Heard on : 06 August 2008
Decided on : 07 August 2008
Reasons Issued : 12 September 2008
Reasons for Decision
Approval
[1] On 06 August 2008 the Competition Tribunal issued a Merger Clearance Certificate unconditionally approving the merger between Media24 Limited and Uppercase Media (Pty) Ltd. The reasons appear below.
Parties
[2] The primary acquiring firm is Media24 Limited (“Media24”). Media24 is 85% owned by Naspers1 and the remaining 15% shares are owned by Yizani representing Black Economic Empowerment interests.
[3] Media24 is involved in the business of publishing and distribution of newspapers, magazines and the internet, commercial, newspaper and magazines printing and the publishing and distribution of books.2 Media24 is a prominent role player in the South African magazine industry and publishes a significant percentage of magazines sold at news stands nationally.3 It currently publishes more than 60 titles, several of them in conjunction with other publishers or in terms of licensing agreements with international titles. Media24’s subsidiary Touchline Media (Pty) Ltd (“Touchline”) also publishes Men’s Health through a joint venture with Rodale INC (“Rodale”).4
[4] The primary target firm is UpperCase Media (Pty) Ltd (“UCM”). UCM is a joint venture established between Media24 and Emap Overseas Ltd (“Emap”) during 2000.5 UCM is active in publication of consumer interest magazines in South Africa, with titles such as Heat and FHM published under a licence granted by Emap Consumer Media Ltd. UCM also has a digital business which attached to the titles which was launched in 2006.6
Transaction
[5] Media24 owns 50% of the issued share capital of UCM. The merger involves the acquisition by Media24 of the remaining 50% in UCM from Emap. In terms of the proposed transaction Emap sells to Media24 all of its claims against and shares in UCM. The effect of the agreement is that UCM that was previously under the joint control of Emap and Media24 will be under the sole control of Media24.7
Rationale
[6] In terms of the joint venture agreement entered into between Emap and Media24 effective from 2000, a mutual pre-emptive right was agreed to between Emap and Media24 regarding the sale of their shareholdings. Media24 is therefore exercising its right as it does not wish to own UCM jointly with another firm.

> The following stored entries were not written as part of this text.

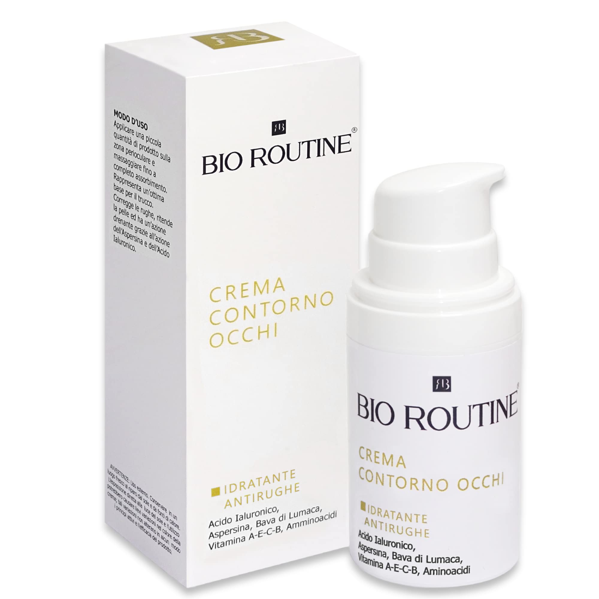 BIO ROUTINE Eye cream antiwrinkle eye cream for women and men moisturizing pure hyaluronic acid and snail mucus vitamin C B A and organic produced in Italy 30 ml
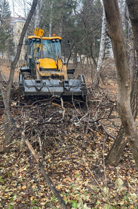 В п.Научный Городок завершены работы по сбору и вывозу порубочных остатков в зеленой зоне в районе дома №9.
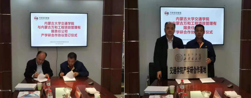 會議上,雙方還舉行了產(chǎn)學(xué)研合作協(xié)議簽訂和授牌儀式。我院與內(nèi)蒙古萬和項目管理有限公司高質(zhì)量校企合作正式啟動。
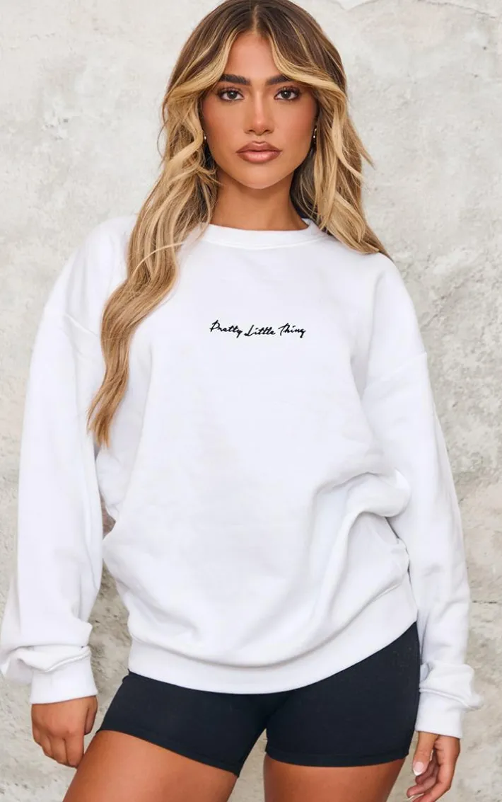 Say hello to your new season staple with this PrettyLittleThing white oversized basic sweatshirt. This sweatshirt is brought to you in a white hue with a ‘PrettyLittleThing’ print an oversized and a basic style, how could you say no? Style effortlessly with your black leggings, box-fresh kicks and accessories for a look that will turn heads for all the right reasons..
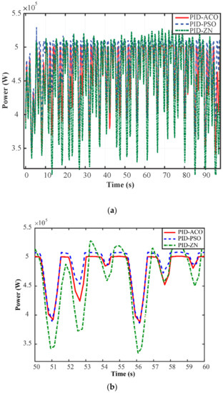 The PID controller parameters have been optimized by ACO and PSO algorithms through MATLAB. At first, there are some ACO and PSO parameters selected for conducting optimization processes; those are shown in Table 2. After starting the process of the model, the system evaluates the objective/cost function that refers to the PID controller Equation (15). The cost function of the ACO and PSO is the error between the desired power and the actual power. After each iteration, the optimum values of the PID parameters are updated and stopped when the maximum iteration number is reached or when the objective function criterion is satisfied. The search range for PID parameters , and was selected randomly between [, , ] and [100, , ]. The optimum PID parameters of three controllers are shown in Table 3.
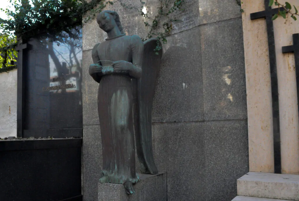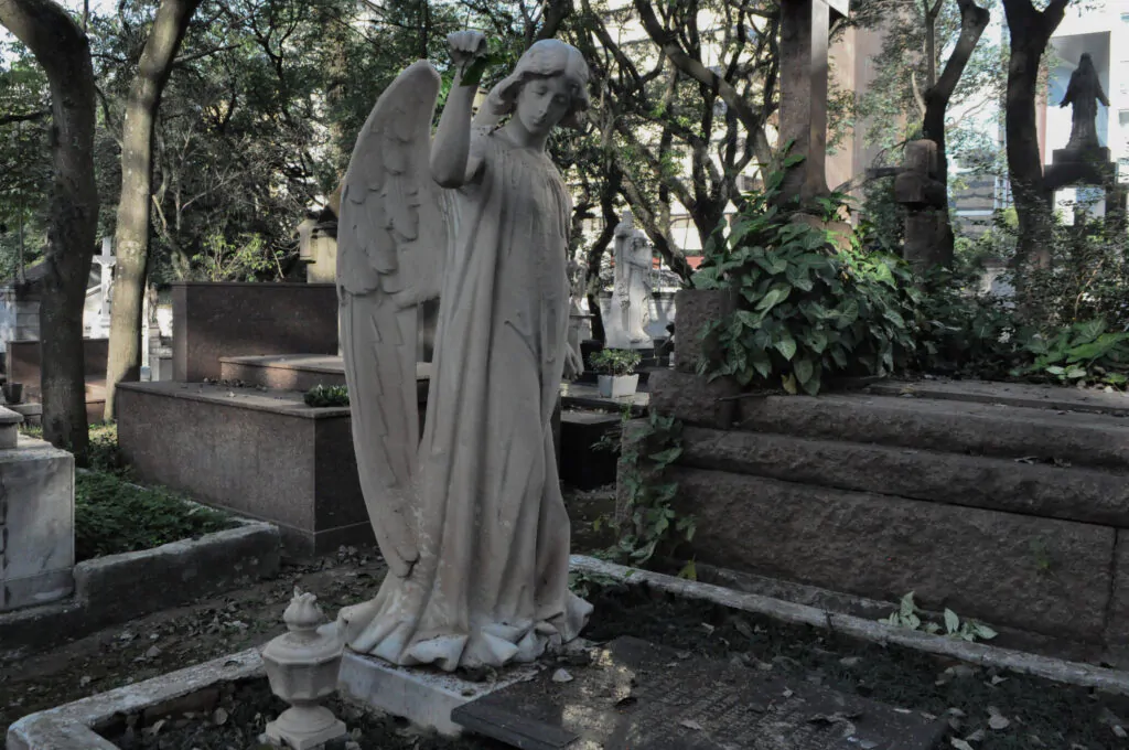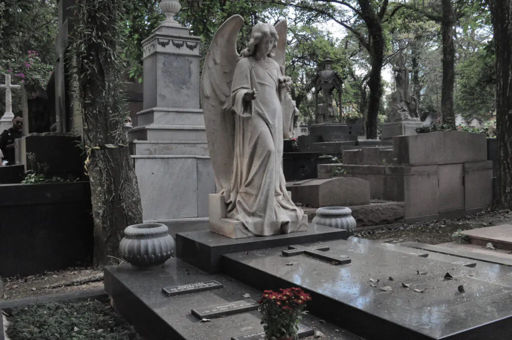 Imagens que remetem à religiosidade cristã, como anjos, são as mais frequentes entre as esculturas do cemitério
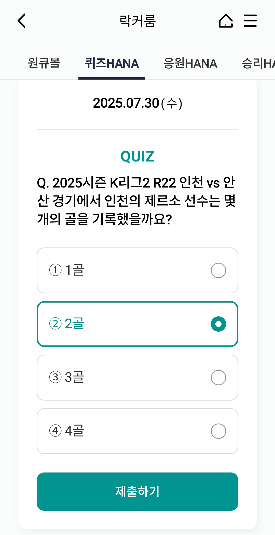 오늘의 하나원큐 축구퀴즈 정답 (2025년 7월 30일)
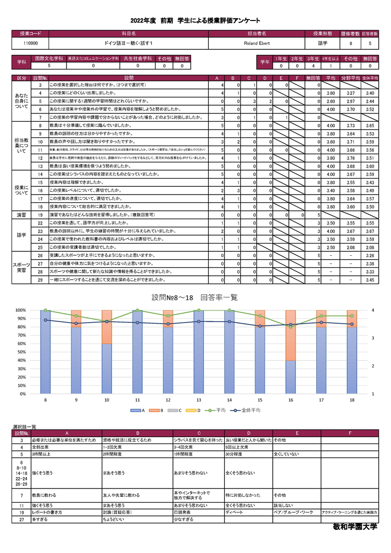 敬和学園大学 授業アンケート集計
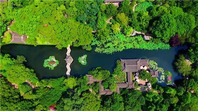 ▲古猗园鸟瞰古猗园的亭台楼阁多临水而建,与水景相互映衬,充分体现了“亭台到处皆临水,屋宇虽多不碍山”的意境,水榭曲廊造型秀美精致,既是风景点缀,也是观赏游览驻足之处;而园中品类丰富、数量繁多的竹观则使古猗园成为了上海观赏竹品种最为丰富之地。
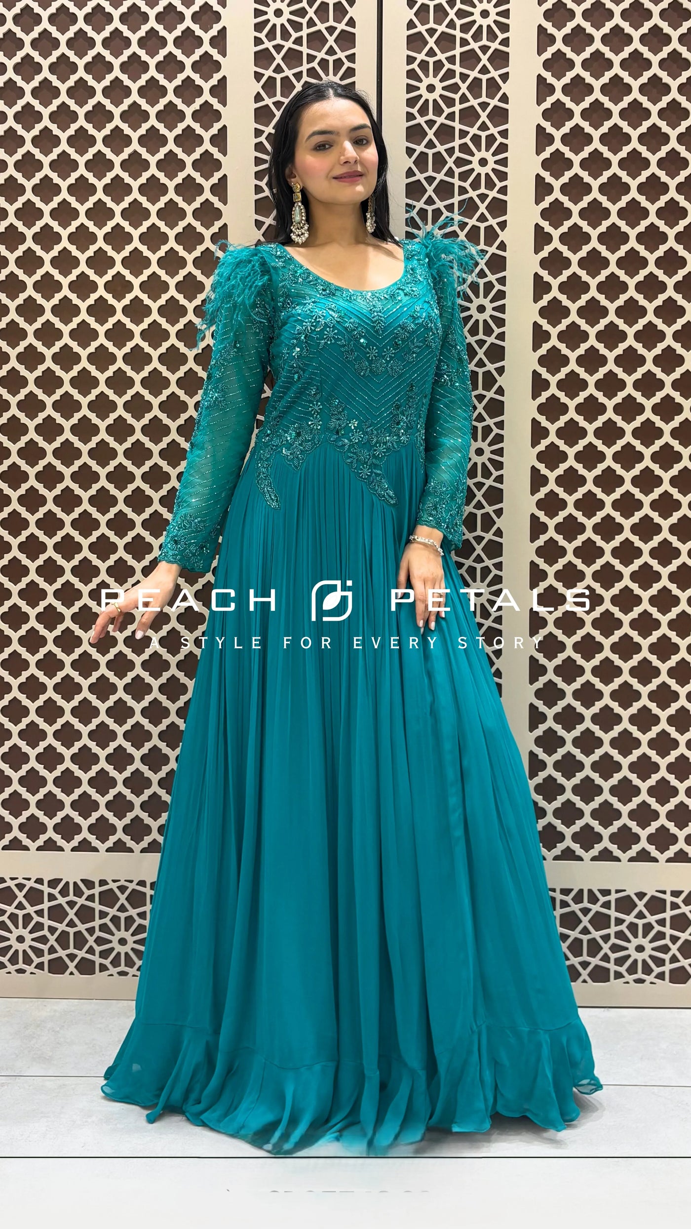 What truly elevates this ensemble is the dramatic feather shoulder detail of the ethnic dress design. The luxurious ostrich feather accent teal gown adds couture flair, transforming it into a true Peach Petals teal party wear gown made for spotlight moments. Designed as a round neck embroidered maxi gown with full sleeves, it balances glamour with elegance.
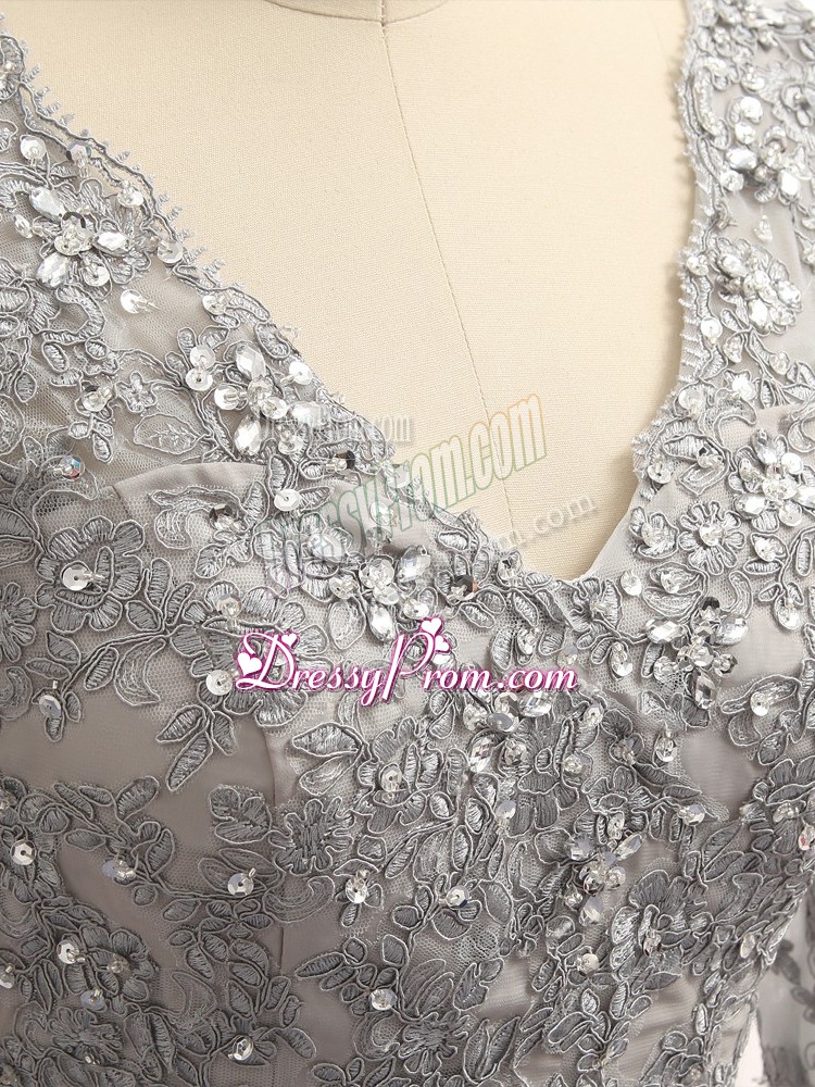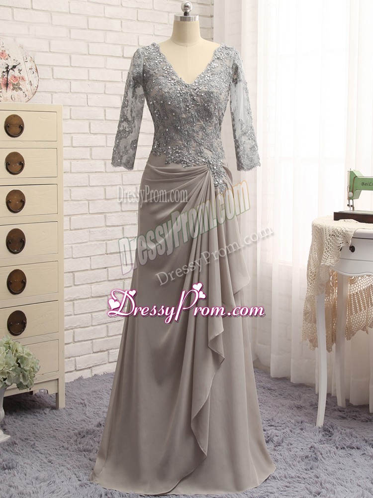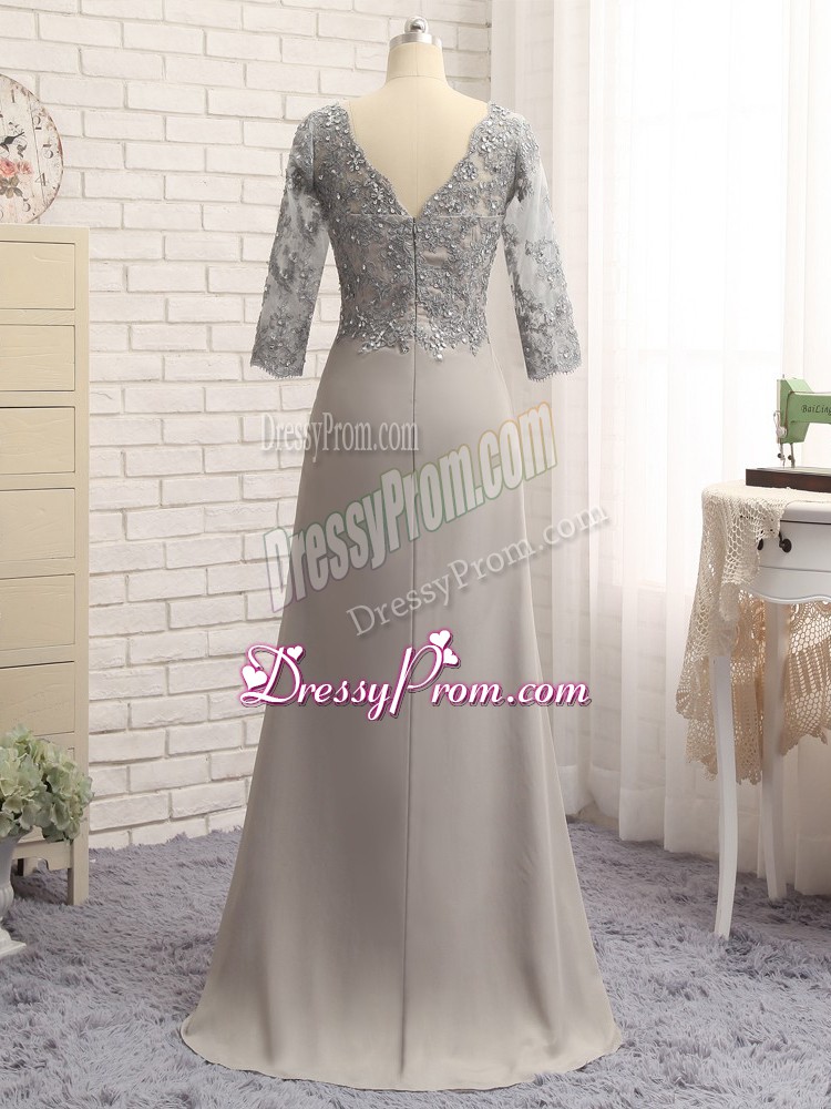 Neckline : V-neckShown Color : GreySilhouette : Column/SheathSleeve Length : long sleevesHemline : floor lengthBack Detail : ZipperFabric : ChiffonEmbellishment : Lace,AppliquesOccasion : Prom,Party,Beach,Wedding PartySeason : Spring,Summer,Fall

[7] For Emap the parties submit that it has reviewed its group structure and portfolio of assets which includes radio, consumer magazines and business to business assets and has decided to sell its entire consumer facing businesses and focus on other media markets. The parties further submit that the Emap stake in UCM no longer has a strategic fit with the Emap business and it was decided that it should be sold.8
The Commission’s Recommendations
[8] As will be discussed later, the Commission concluded that the proposed transaction is likely to substantially prevent or lessen competition as it is likely to result in unilateral effects and co-ordinated conduct in the general men’s interest magazines post merger. In order to mitigate these concerns the Commission has recommended that we approve this transaction subject to the following conditions:
For as long as Media24 has control over both UCM and Rodale and Touchline Publishers, and has a right through these or any other entities to publish FHM and Men’s Health:
The merged entity (“UCM”) shall operate as an independent and distinct entity from other Media24 (Pty) Ltd (“Media24”) business units responsible for publishing magazines in the market for general men’s interest magazines. There shall be no sharing with or disclosure to any other Media24 business unit of any FHM’s ideas, strategies, launch plans, unpublished editorial, financial information or similar confidential or proprietary information and vice versa;
The editorial and publishing offices of the South African editions of Men’s Health and FHM shall be physically located in two different buildings.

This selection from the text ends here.